I've never heard of an AGR discount for children-- though I know you can buy tickets for multiple pax.

Your daughter gets a very hefty discount, it may make more economical sense to buy the ticket rather than use points.


----------



## AlanB (Dec 2, 2009)

I haven't heard of any AGR discounts for kids either; so you may well wish to consider ALC's advice of buying your daughter's ticket.


----------



## AAARGH! (Dec 2, 2009)

AlanB said:


> I haven't heard of any AGR discounts for kids either; so you may well wish to consider ALC's advice of buying your daughter's ticket.


What about someone _acting_ like a child? :blink:


----------



## DivMiler (Dec 2, 2009)

ALC_Rail_Writer said:


> Your daughter gets a very hefty discount, it may make more economical sense to buy the ticket rather than use points.


Actually, she doesn't get a discount-- unless a child is traveling with an adult paying regular (or AAA or other) fare, the child has to pay full (not half) price.


----------



## ALC Rail Writer (Dec 2, 2009)

DivMiler said:


> ALC_Rail_Writer said:
> 
> 
> > Your daughter gets a very hefty discount, it may make more economical sense to buy the ticket rather than use points.
> ...


You misunderstand.

If you're buying AGR tickets you have to pay 10,000 points to get two tickets.

If you're buying the regular tickets you only have to pay one ticket plus half the price of a second.

So if the ticket costs $100, then you could pay 10,000 points for $150 in tickets. With AGR you're effectively paying full price for the child ticket. That's why I said "the ticket" versus "her ticket".


----------



## chertling (Dec 2, 2009)

ALC_Rail_Writer said:


> DivMiler said:
> 
> 
> > ALC_Rail_Writer said:
> ...


One thing to note... the Missouri River Runner is one of the "Special" trains in the AGR rewards system... so tickets cost 1,000 points each, rather than the much higher prices for a one zone award.


----------



## the_traveler (Dec 2, 2009)

AAARGH! said:


> AlanB said:
> 
> 
> > I haven't heard of any AGR discounts for kids either; so you may well wish to consider ALC's advice of buying your daughter's ticket.
> ...


In that case, *I* should qualify easily! :lol: (Which would mean more award trips!

)


----------



## ALC Rail Writer (Dec 2, 2009)

chertling said:


> One thing to note... the Missouri River Runner is one of the "Special" trains in the AGR rewards system... so tickets cost 1,000 points each, rather than the much higher prices for a one zone award.
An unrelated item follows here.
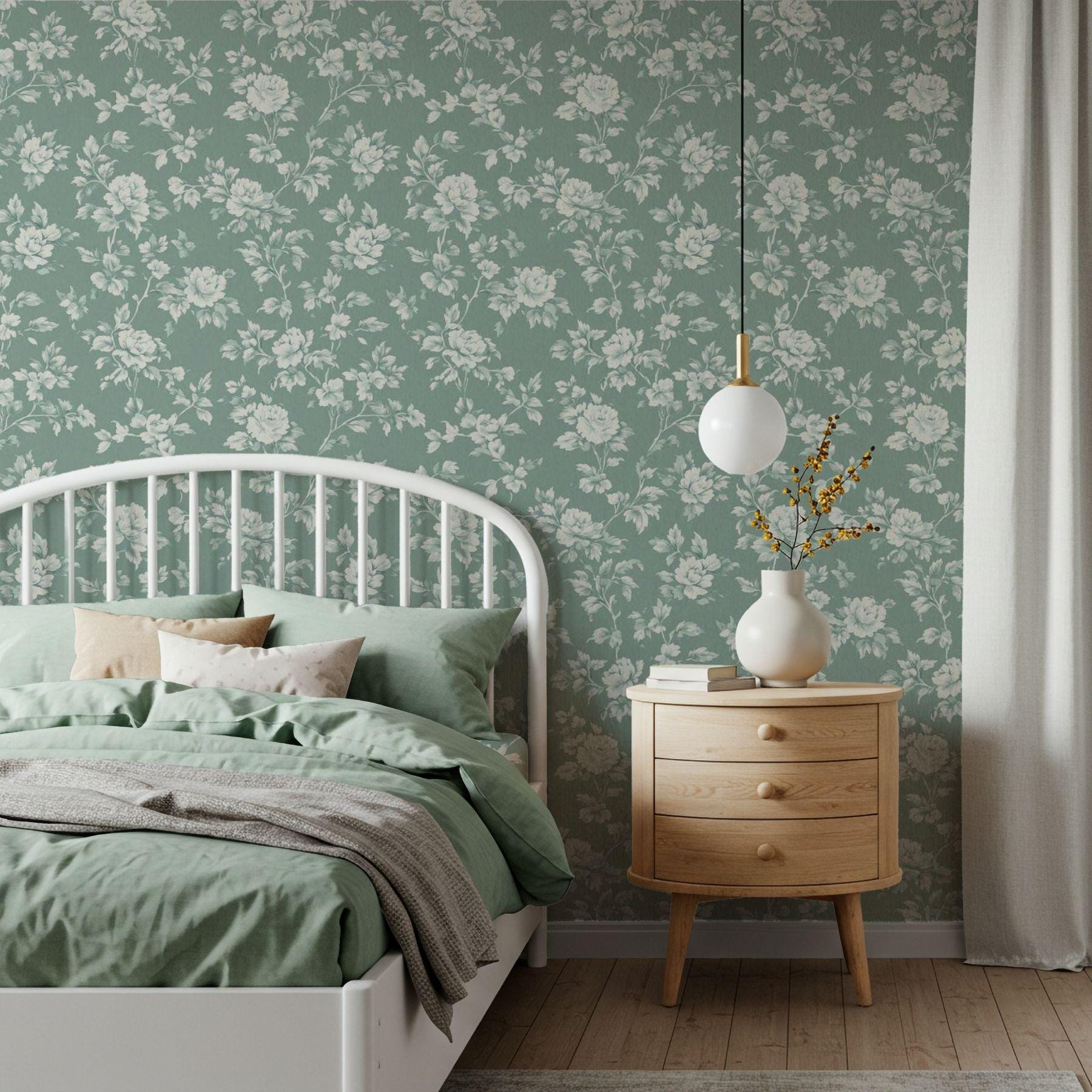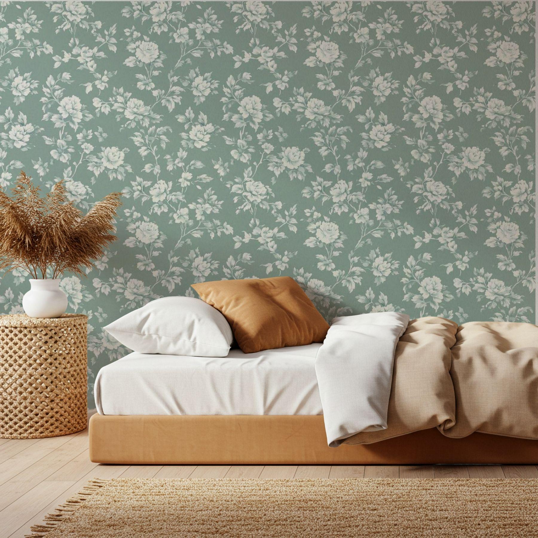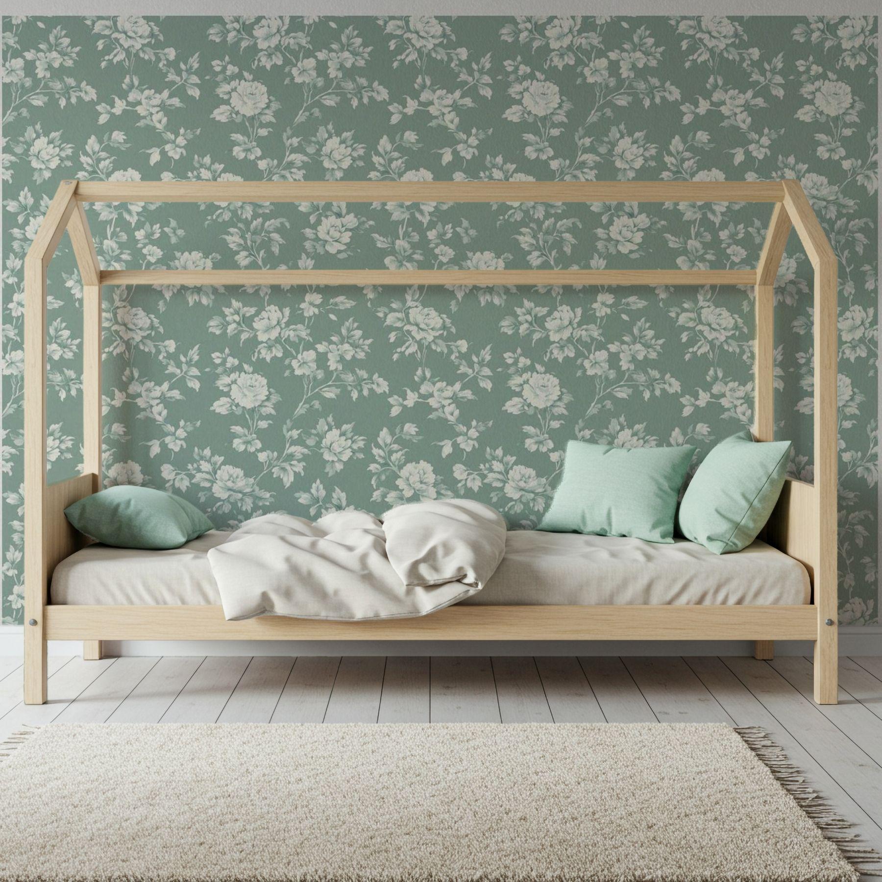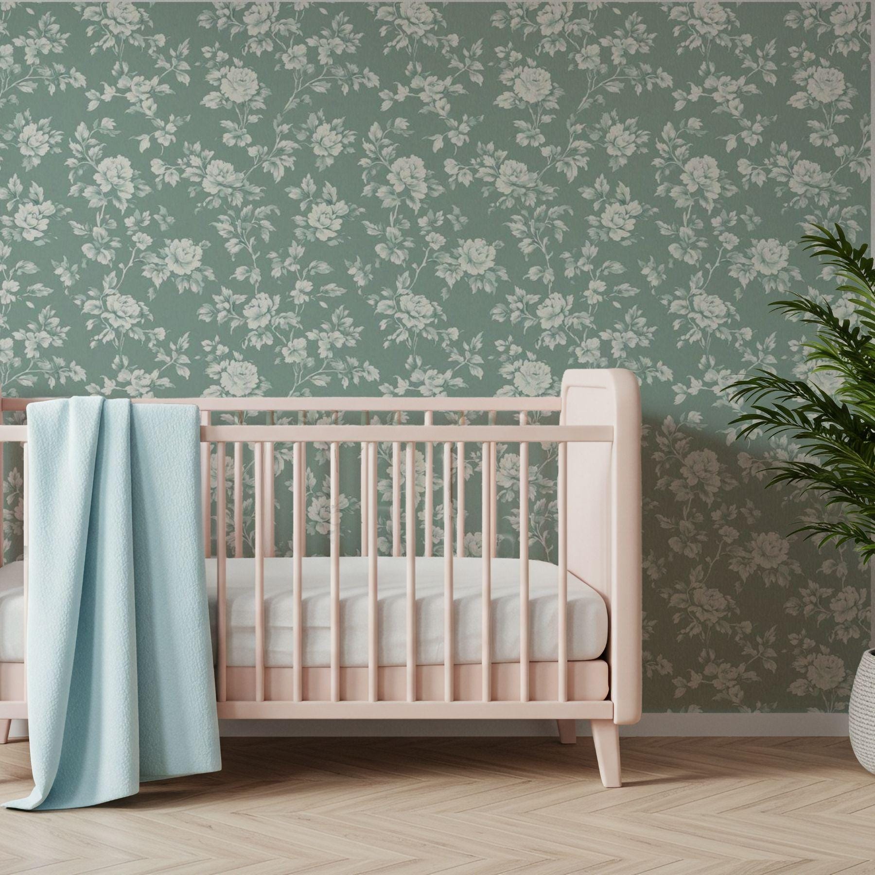 Delicate ivory blooms unfold across a deep vintage teal backdrop, creating a look that’s both classic and serene. This floral wallpaper brings an elevated charm to nurseries and play spaces — refined yet inviting, with a timeless beauty that grows right along with them.

You didn't mention that it was the MORR. Just said you were going to STL.

In any event, the tickets on the MORR shouldn't be all that expensive, I'd say you should buy them-- however I can see how paying 2,000 points would make sense in some scenarios.


----------



## DivMiler (Dec 2, 2009)

ALC_Rail_Writer said:


> Your daughter gets a very hefty discount, it may make more economical sense to buy the ticket rather than use points.





DivMiler said:


> Actually, she doesn't get a discount-- unless a child is traveling with an adult paying regular (or AAA or other) fare, the child has to pay full (not half) price.





ALC_Rail_Writer said:


> You misunderstand.
> If you're buying AGR tickets you have to pay 10,000 points to get two tickets.


Well, 11,000 points, assuming two one-zone coach redemptions (and *chertling* says subsequently that it is on a Special Route), but I get you.



ALC_Rail_Writer said:


> If you're buying the regular tickets you only have to pay one ticket plus half the price of a second.


Agreed.



ALC_Rail_Writer said:


> So if the ticket costs $100, then you could pay 10,000 points for $150 in tickets. With AGR you're effectively paying full price for the child ticket. That's why I said "the ticket" versus "her ticket".


I did misunderstand. I read your earlier comment as redeem one award for chertling and purchase with dollars the daughter's ticket.


----------